Юзефа Карловна — жена и сотрудница Бурова. Ас по добыванию великолепных рентгенограмм. Нелепая и удивительная женщина. Она сидела на другом конце стола и, казалось, была поглощена бесконечным спором Ратгауза и Петровского. Но она слышала весь наш разговор. Именно она показала потом нам главную замечательную рентгенограмму, богатую дифракционными молекулами. Тогда еще единственную. У нее были „влажные мозги“, умела по-женски, на лету схватывать суть. А суть была в том, что я вожделел правильного строения генов. Я знал, чувствовал, что ДНК — это что-то простое и красивое».
«О радость! О счастье! Я знал, я чувствовал заранее!» — пел Трояновский. Те же самые слова: «Я знал, я чувствовал!»
«Близок уж час торжества моего, ненавистный соперник…» — он барабанил по клавишам старинного, красного дерева, рояля в полутемном, пропахшем табаком и мышами холле дома Ратгауза.
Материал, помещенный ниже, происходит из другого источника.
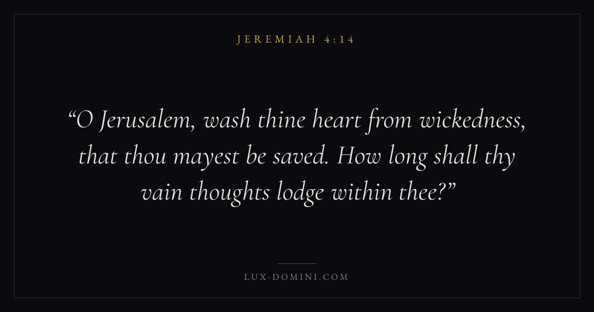 O Jerusalem, wash thine heart from wickedness, that thou mayest be saved. How long shall thy vain thoughts lodge within thee?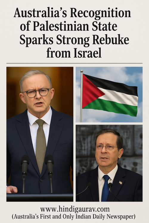ऑस्ट्रेलिया द्वारा फ़िलिस्तीन को मान्यता देने पर इज़राइल की कड़ी आपत्ति

Но это было позже. Летом. Ария Фарлафа. А в тот день он обольщал «известкового человека». Так, втайне для себя, прозвал Виктор Агафонов профессора Бурова. Буров крошился, Яков отламывал его по кусочкам, настойчиво и монотонно. Он стал своим человеком в буровской лаборатории, он отвоевал для Купченко право возиться со своими препаратами, он каким-то непостижимым образом заставил Бурова и Юзю показывать все интересное, что получали те для себя. И под конец они сами не могли дождаться его снисходительного внимания. Он перегнал их. Не в умении, не в знаниях, нет, — Буров продолжал оставаться королем рентгеноструктурного анализа, — но в интуиции. Он предвидел, предсказывал, толковал.
Глава IX
Он напился в тот вечер, когда Василь принес рентгенограммы, подтверждающие его догадку о спирали. Они были в ссоре. Василь тянул, конечно, самое тяжелое, сидел в лаборатории сутками, безвылазно, снимая рентгенограммы. Он обладал упорством и усидчивостью чумака. Жил где-то в Лефортове коммуной. Несколько украинцев снимали деревянный ветхий домик, варили борщ, вечерами «спивалы». Что-то далекое из книг Помяловского. Мог иметь койку в университетском общежитии для аспирантов, не захотел. С украинцами было дешевле, веселее, теплее.
При огромной физической силе Василь психически был слаб. Тяжелая беспросветная работа, оторванность от своих, от нехитрых разговоров и протяжных песен надломили его. Стал угрюм, злобен. Рентгенограммы не радовали: ужасная пленка, густой серый фон, очень слабые рефлексы.
Буров предупреждал Якова о хрупкости биологических объектов. Сказал, что несколько раз Юзефа Карловна советовала Василю быть очень внимательным, чтоб не разрушалась структура. Но, как понял Яков из тактичных недомолвок, Купченко был груб с Юзефой Карловной, позволял себе какие-то странные намеки.
— Чего он лезет? — сразу взвился Василь. — Сам же отказался, а теперь лезет, примазывается, чисто жидовское.
— Ему не надо примазываться, он сам с усам. А насчет евреев — удивляюсь я тебе. Откуда такая предвзятость? Что они сделали тебе? Ну, хоть один?